As shown in Figure 1, H19 or its encoded miR-675-3p and miR-675-5p are down-regulated on days 1–3 after CTX-induced injury but then increases steadily on days 5–14 as new myofibers are formed (Fig. 1E). Thus, we tested the mRNA level of targets of miR-675-3p and miR-675-5p, Smad1, Smad5, and Cdc6, in these samples during regeneration. The levels of these targets were anti-correlated to H19 and miR-675-3p and miR-675-5p, increasing on days 1–3 after injury and then decreasing steadily on days 5–14 after injury (Fig. 5J–L). This result is consistent with the notion that miR-675-3p and miR-675-5p repress Smad1, Smad5, and Cdc6 during regeneration.

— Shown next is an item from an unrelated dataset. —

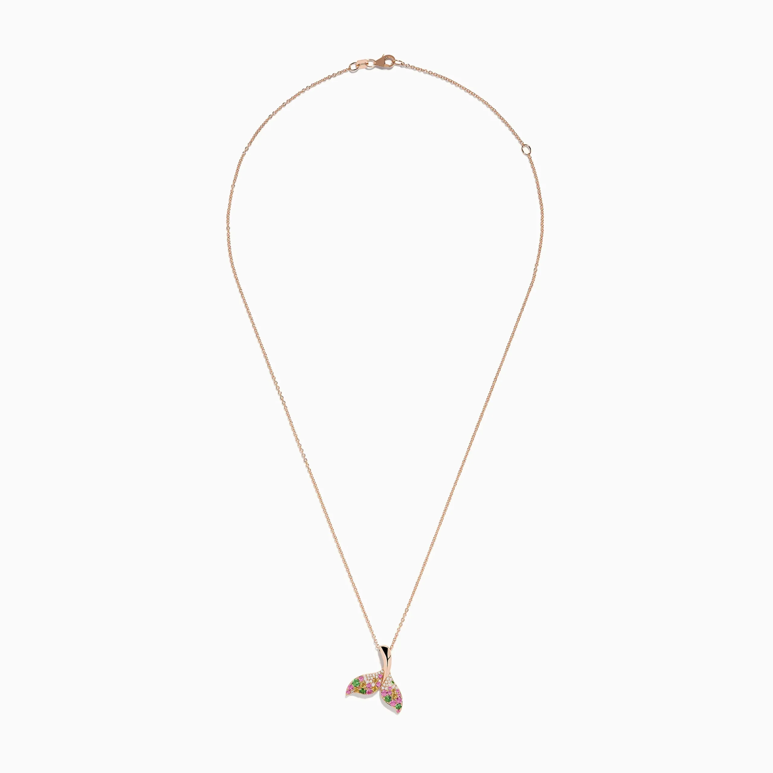 Effy Seaside 14K Rose Gold Multi Sapphire and Diamond Whale Tail Pendant

We showed that H19 generates miR-675-3p and miR-675-5p to down-regulate Smad1, Smad5, and Cdc6 during differentiation. To test whether misregulation of these proteins is sufficient to explain the reduced differentiation due to H19 deficiency, we performed coknockdown of Smad1, Smad5, and Cdc6 with siH19 in C2C12 cells. The depletion of Smad1, Smad5, and Cdc6 in H19-depleted cells was sufficient to overcome the decrease in differentiation as measured by the levels of myogenin and MHC mRNAs (Fig. 5M). Thus, Smad1, Smad5, and Cdc6 are important targets for the prodifferentiation action of H19.

Discussions

Our findings reveal a new function of H19 in promoting skeletal muscle differentiation and regeneration. Interestingly, H19, named MyoH, was identified in the same genetic screen for myogenic differentiation that identified MyoD (Davis et al. 1987). H19 was also found to be up-regulated in a screen during embryonic stem cell differentiation (Poirier et al. 1991). Together, these findings suggest that H19 plays a role in cellular differentiation. Our result is consistent with the earlier findings that inactivation of H19 due to loss of heterozygosity or hypermethylation of maternal alleles is associated with Wilms' tumor and rhabdomyosarcoma (Chung et al. 1996; Lynch et al. 2002; Ecke et al. 2009). Rhabdomyosarcoma arises from defects in skeletal muscle differentiation, and treatment of DNA methylation inhibitor 5-AzaC-2′-deoxycytidine reactivated H19 in rhabdomyosarcoma cell lines and prevented rhabdomyosarcoma formation in mice (Chung et al. 1996; Lynch et al. 2002; Ecke et al. 2009). As miR-675-3p and miR-675-5p can induce muscle cell differentiation, we are curious whether introduction of these microRNAs is sufficient to differentiate rhabdomyosarcoma cell lines or prevent rhabdomyosarcoma formation in vivo. Conversely, ectopic expression of H19 transgene causes prenatal lethality (Brunkow and Tilghman 1991). However, other groups found that the H19 transgenic mice are viable, and the transgene regulates the imprinted gene network (Pfeifer et al. 1996; Gabory et al. 2009). Thus, it will be interesting to test whether ectopic expression of miR-675-5p and miR-675-3p produces phenotypes similar to H19 transgenic mice.

A genome-wide survey predicted that ∼100 long noncoding RNAs encode microRNAs (He et al. 2008). Our findings demonstrate how one could experimentally validate whether the encoded microRNAs mediate specific functions of specific long noncoding RNAs.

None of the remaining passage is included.